Wednesday, October 13, 2010

FLG Is Confused

Matt Ygelsias raises what FLG views as a reasonable argument:
there really are sharp limits to have far you can go with addressing education policy issues in a vacuum. The rising cost of health care, the shrinking public tolerance for tax hikes on the middle class, and the hyper-empowerment of the rich in the political system are combining to create a situation where it will be impossible to finance K-12 education in the United States. Institutions committed to “education reform” as their mission sort of can’t focus on this nexus by definition and the people who fund such outfits are generally not interested in funding talk about the desirability of higher taxes. Similarly, most American cities are in a position where if they improve their school system and hold housing policies constant, the medium-term impact will be to create a new equilibrium where poor people can’t afford to live in the city, not a new equilibrium where poor people attend the new good schools.

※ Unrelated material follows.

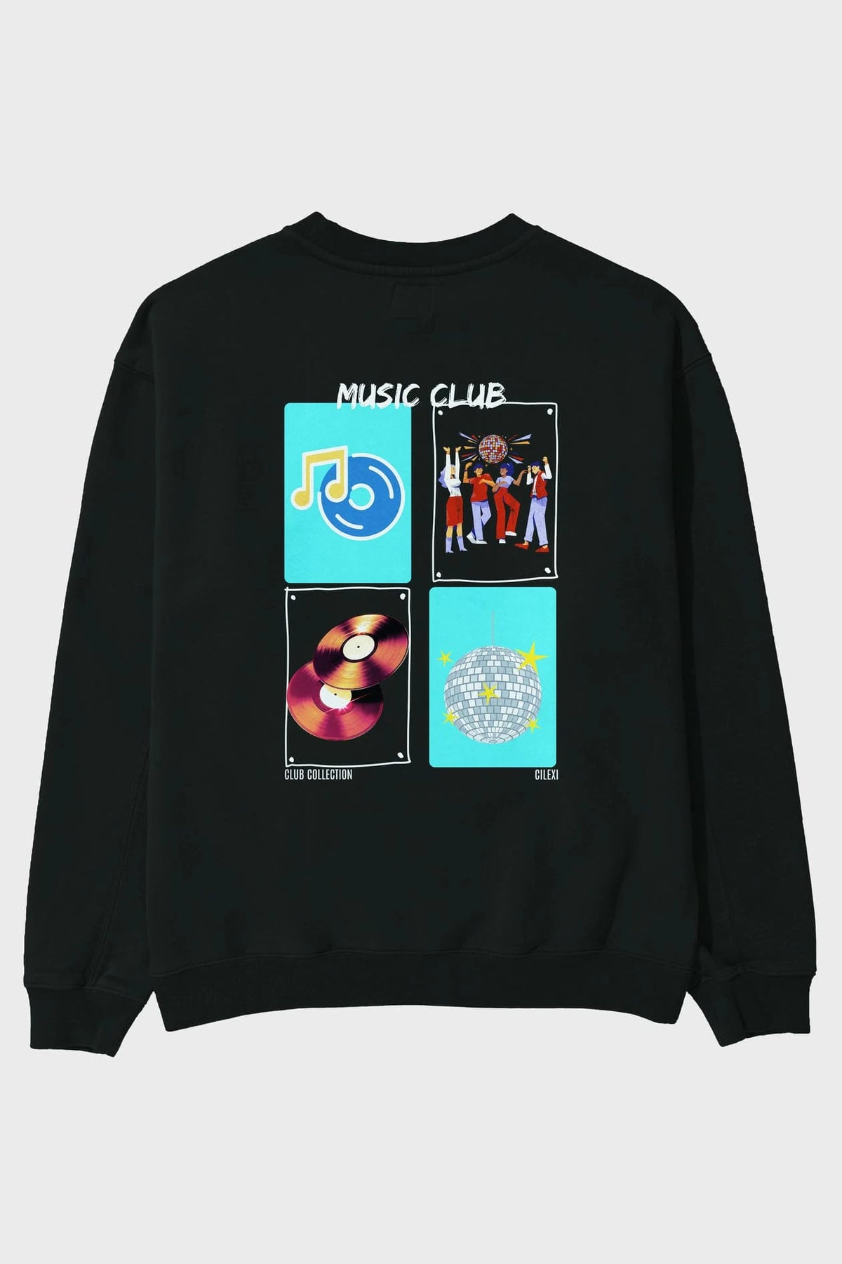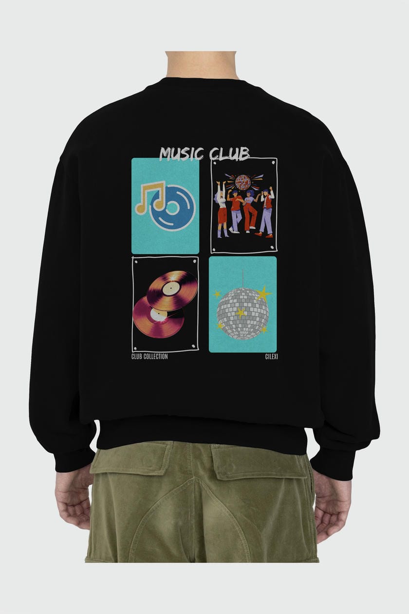 Music Club Arka Baskılı Oversize Sweatshirt Erkek Kadın Unisex
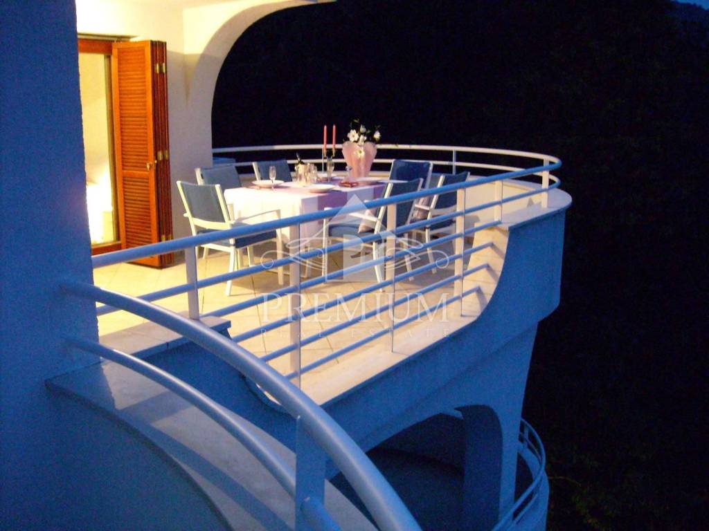 Kuća ima prekrasan otvoren pogled na cijeli Kvarner, velike terase, garažu te mogućnost izgradnje bazena i dodatne 2 garaže, a nalazi se na mirnoj lokaciji.

Matt offered this argument in support of this piece in the WaPo by Kevin G. Welner, an education professor at FLG's beloved CU. One quote sticks out in that piece:
While no researcher could offer precise numbers, regression models tend to attribute a far greater role to out-of-school factors such as parental educational level and family income.

This is obviously a very complicated issue with a variety of factors at play simultaneously. However, this sentence above does call into question the ultimate effectiveness of increasing the efforts to improve educational attainment through broader social policy.

If you look at parental income and educational attainment as the proximate cause, then it makes sense that if you simply devote more resources, .i.e. equalize parental income, then educational performance equalization would follow. But what if educational attainment and income are themselves effects of something else. What if the middle class passes along bourgeois virtues to their children? Then it will be a lot of money shifting for little payout.

Now, FLG doesn't fully believe that. On an absolute level, we can greatly improve the quality of education in this country. But if you want relative improvement, then FLG isn't so sure resources are going to solve the problem. No amount government funds are going to change that Miss FLG has two parents who graduated from college, care about her education, and will make it a major priority. It's not simply that we have financial resources. It's that we have intellectual, emotional, and cultural resources and habits that we will give to her.

FLG guesses his point is that he'd like every American child to flourish to their highest potential. And we, as a nation, need to work toward that end within the constraints of our limited resources and other competing priorities. But the child of two lawyers or doctors or professors or whatever is always going to have a huge advantage over other kids.

2 comments:

The Ancient said...

...if they improve their school system and hold housing policies constant, the medium-term impact will be to create a new equilibrium where poor people can’t afford to live in the city, not a new equilibrium where poor people attend the new good schools.

1) Imagine a District of Columbia where every public school is as good as NCS and St Albans.

2) "Hold housing policies constant." (This is a big nest of snakes, but let's just pretend it means something real.)

3) At what point will DC's poor be unable to live in the city? (Take your time. Try to get it right within 300 years.)

P.S. Weiner's quote is just as bad.

Andrew Stevens said...

How significant is that advantage really, though? I actually doubt it's all that large.